野崎氏が亡くなり葬儀なども終了すると、早貴被告は東京で暮らすようになっていた。それでも毎月行われる法要のときには田辺市に飛んできた。地元のそのような風習を教えたのはマコやんだった。

 野崎氏宅の祭壇の水を毎日替えるのも彼の役目だった。ちなみにマコやんによれば、早貴被告が祭壇に向かって手を合わせたことはなかったという。もっと言えば、田辺市内の高台にお墓を準備したのもマコやんだった。

 19年5月、田辺市内のお寺で催された1周忌の法要が、マコやんが早貴被告と会った最後の機会となった。

早貴被告と5年ぶりの「再会」

 それから5年、マコやんは和歌山地裁の法廷で久しぶりに早貴被告の顔を見た。そのときの状況を、マコやんは吉田氏にこう語ったという。

「あの日の公判で呼ばれた証人はワシ一人。午前と午後の両方に出廷したけど、午前中はまだ慣れていなかったので早貴や傍聴席の様子をうかがう余裕はなかったんや。裁判員が10人もいて、彼らに分かりやすい説明をしなければと集中していたからな。(18年の)3月に早貴が『明日からフランスに行くので当分連絡できない』と言ってきたことについて聞かれたけど、早貴が本当の事を言っているのか分からなかったので、『(早貴の言葉は)信じていません』と答えた。

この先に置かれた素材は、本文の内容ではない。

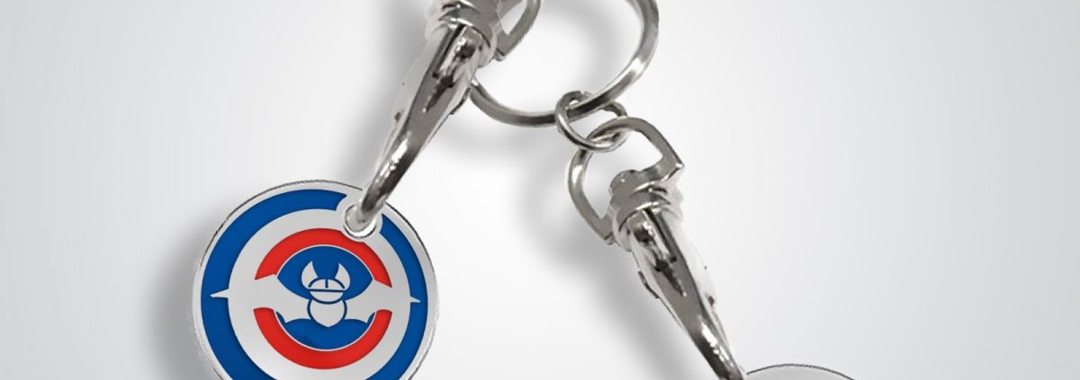 Guanokalong / GK-Organics geeft haar relaties een handige give-away: een sleutelhanger met musketonhaak en winkelwagenmuntje, uitgevoerd in diepdruk. De ingeslagen onderdelen zijn vervolgens ingelakt met gekleurde soft emaille.
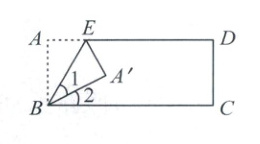 3. 如图,把一张长方形纸沿 BE 折叠,如果$\angle2 = 28^{\circ}$,那么$\angle1=$()。
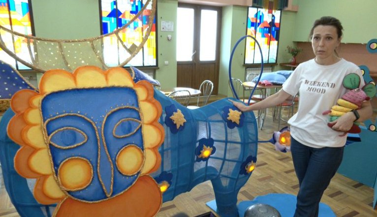"У нас є ось такі пташечки, які ми одягаємо діткам на ручки, і дітки розвивають свою моторику, адже їм потрібно постійно працювати, щоб та пташечка оживала, щоб вона літала. Дітки пропрацьовують свою моторику, взаємодію один з одним, з батьками, з нами, чужими людьми", — каже акторка.
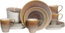 Das Caldera Sand Kombiservice ist ein 16-teiliges Designer-Geschirr, das Ihren Tisch stilvoll schmückt. Es umfasst 4 Speiseteller mit einem Durchmesser von 27 cm, 4 Dessertteller mit 21 cm, 4 Kaffeebecher mit einem Fassungsvermögen von 30 cl und 4 Mehrzweckschalen mit einem Durchmesser von 16 cm. Die markante Optik entsteht durch mehrere übereinander liegende Glasuren in intensivem Grün und strahlend weißen Außenseiten. Das Geschirr ist spülmaschinen- und mikrowellengeeignet.
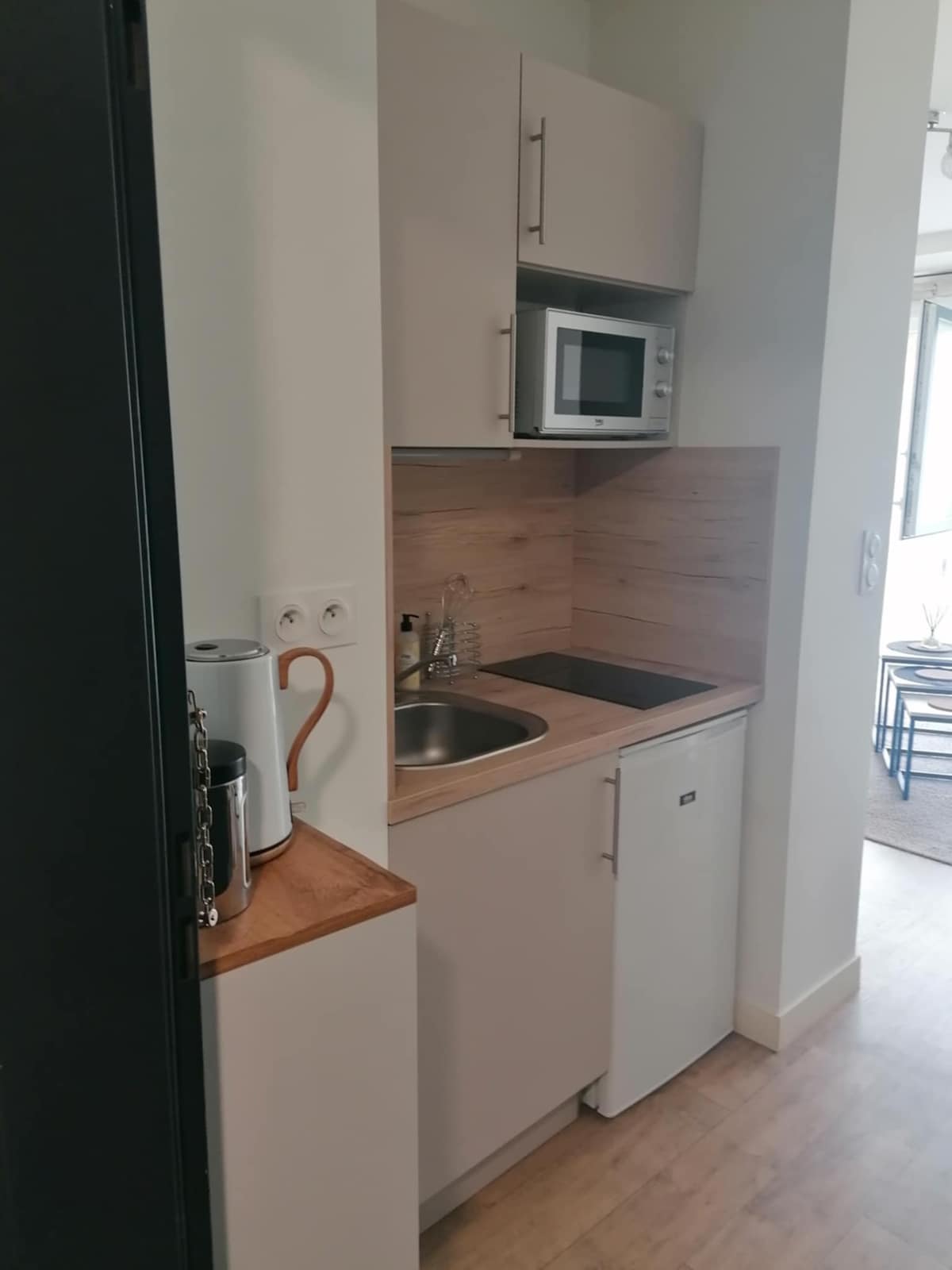 Relájese en este estudio tranquilo y elegante, orientado al sureste para disfrutar de un despertar soleado. Este alojamiento nuevo de 24 m² se encuentra en una residencia tranquila y dispone de una plaza de aparcamiento numerada (n.° 220). *A 10 minutos del centro de la ciudad de Troyes. ✓Ideal para un momento de descanso en pareja o solo ✓Cerca de la UTT ✓Fácil acceso cerca de la carretera de circunvalación y las salidas de la autopista. *Equipamiento: ✓Vestidor ✓Placas de cocción, nevera, microondas ✓Cafetera Senseo ✓Ropa de cama y toallas
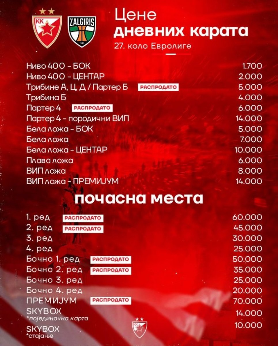 Košarkaški klub Crvena zvezda saopštio je da prodaja karata za utakmicu 27. kola Evrolige protiv Žalgirisa počinje u sutra, u četvrtak, 20. februara 2025. godine.
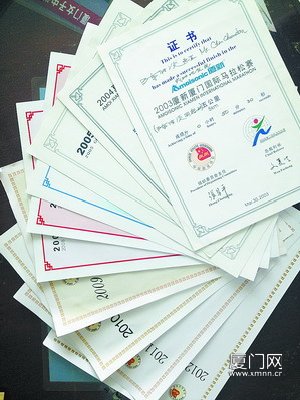 这些记录了80多岁老人长跑经历的证书。在今年1月7日举行的2012年厦门国际马拉松赛上,已经91岁高龄的陈传淡还出现在选手队伍中。

 お昼休みが終わって、裁判官が入って来るのを待っていたら、なんか視線を感じたんや。それでそっちのほうを見てみたら、向かい側に座っている早貴がボクのことをジッとみていたのに気付いた。ワシが知っている早貴ではなく、病的なほど痩せていたので驚いたで。それで初めて早貴と視線を合わせたんや」

野崎氏が経営するアプリコの「番頭」だった”マコやん”(右)。その隣で野崎氏の愛犬イブを抱き上げて顔を隠している脚の長い女性は早貴被告(撮影:吉田 隆)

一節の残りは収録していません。